A novel fusion of RBM6 to CSF1R in acute megakaryoblastic leukemia

Ting-lei Gu1, Thomas Mercher2, Jeffrey W. Tyner3, Valerie L. Goss1, Denise K. Walters3, Melanie G. Cornejo2, Cynthia Reeves1, Lana Popova1, Kimberly Lee1, Michael C. Heinrich3, John Rush1, Masanori Daibata4, Isao Miyoshi4, D. Gary Gilliland2, Brian J. Druker3, and Roberto D. Polakiewicz1

1 Cell Signaling Technology, Danvers, MA; 2 Brigham and Women's Hospital, Howard Hughes Medical Institute, Harvard Medical School, Boston, MA; 3 Department of Hematology and Oncology, Howard Hughes Medical Institute, Oregon Health & Science University Cancer Institute, Portland, OR; 4 Department of Medicine, Kochi Medical School, Kochi University, Japan

Activated tyrosine kinases have been frequently implicated in the pathogenesis of cancer, including acute myeloid leukemia (AML), and are validated targets for therapeutic intervention with small-molecule kinase inhibitors. To identify novel activated tyrosine kinases in AML, we used a discovery platform consisting of immunoaffinity profiling coupled to mass spectrometry that identifies large numbers of tyrosine-phosphorylated proteins, including active kinases.

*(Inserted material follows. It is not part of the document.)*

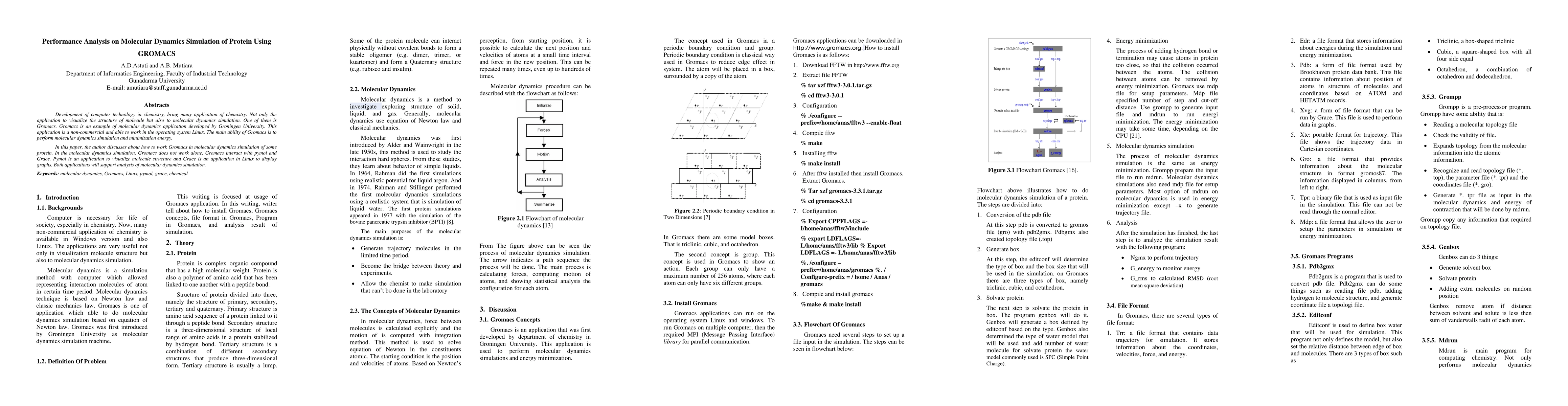 This paper analyzes the performance of GROMACS in simulating protein molecular dynamics, highlighting its integration with Pymol for visualization and Grace for graph display. The study emphasizes GROMACS's capabilities in performing molecular dynamics simulations and energy minimization on proteins.

This method revealed the presence of an activated colony-stimulating factor 1 receptor (CSF1R) kinase in the acute megakaryoblastic leukemia (AMKL) cell line MKPL-1. Further studies using siRNA and a small-molecule inhibitor showed that CSF1R is essential for the growth and survival of MKPL-1 cells. DNA sequence analysis of cDNA generated by 5'RACE from CSF1R coding sequences identified a novel fusion of the RNA binding motif 6 (RBM6) gene to CSF1R gene generated presumably by a t(3;5)(p21;q33) translocation. Expression of the RBM6-CSF1R fusion protein conferred interleukin-3 (IL-3)–independent growth in BaF3 cells, and induces a myeloid proliferative disease (MPD) with features of megakaryoblastic leukemia in a murine transplant model. These findings identify a novel potential therapeutic target in leukemogenesis, and demonstrate the utility of phosphoproteomic strategies for discovery of tyrosine kinase alleles.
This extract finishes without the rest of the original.